Wenn Europa sich langfristig einen unabhängigen, konkurrenzfähigen Zugang zum Weltraum bewahren will, wird es neben der Ariane 5 und den hiervon abgeleiteten Systemen noch eine zweite Trägerrakete brauchen.

Das NGL(Next Generation Launcher)-Projekt ist Bestandteil des ESA-Vorbereitungsprogramms für künftige Träger. Das Hauptziel des Programms ist die Vorbereitung eines Vorschlags für die ESA-Ministerkonferenz bei dessen nächster Tagung. Dieser Vorschlag kombiniert alle technischen und organisatorischen Elemente des Programms.

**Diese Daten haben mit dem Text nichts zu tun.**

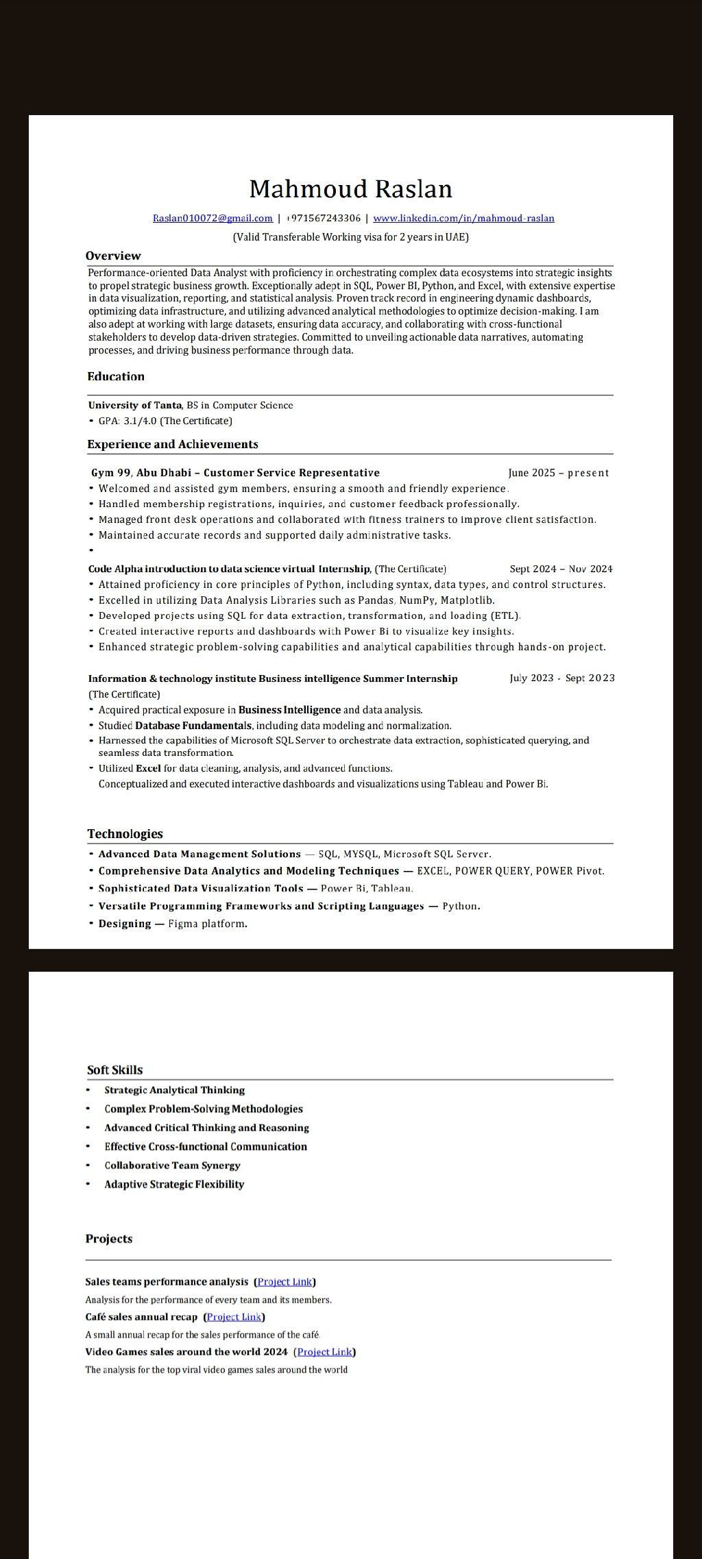 Data Analyst proficient in Power BI, SQL, Excel, and Python libraries (Pandas, NumPy, Matplotlib) Experienced in data collection, cleaning, analysis, and visualization, with expertise in creating interactive dashboards and insightful reports. Seeking to leverage my analytical and technical skills to drive data - driven decisions and contribute to business success

Mittelfristig ist die Ariane 5ME Midlife Evolution, für deren Entwicklung die ESA-Ministerkonferenz 2008 mit Blick auf den geplanten Ersteinsatz im Jahr 2016 die erste Entwicklungsphase freigegeben hat, die einzige Antwort auf den Bedarf an Schwerlast-Trägerraketen für Behörden- und Geschäftskunden und als solche unabdingbar. Doch kommt Europa genauso wenig darum herum, zusätzlich ein zweites, neues Trägersystem zu bauen, speziell zur Gewährleistung und Aufrechterhaltung seines unabhängigen Zugangs zum Weltraum für 4-Tonnen-Starts in sonnensynchrone Orbits. Damit diese Unabhängigkeit für den europäischen Steuerzahler wirtschaftlich zumutbar bleibt, müssen wir die Produktions- und Betriebskosten für diesen Träger möglichst gering halten, was sich auf unsere technischen und industriellen Entscheidungen auswirken wird. Und noch einer Anforderung muss das neue System genügen, die wir in Zukunft unvermeidlich immer größer schreiben müssen: dem Schutz der Umwelt, auf der Erde wie auch im All.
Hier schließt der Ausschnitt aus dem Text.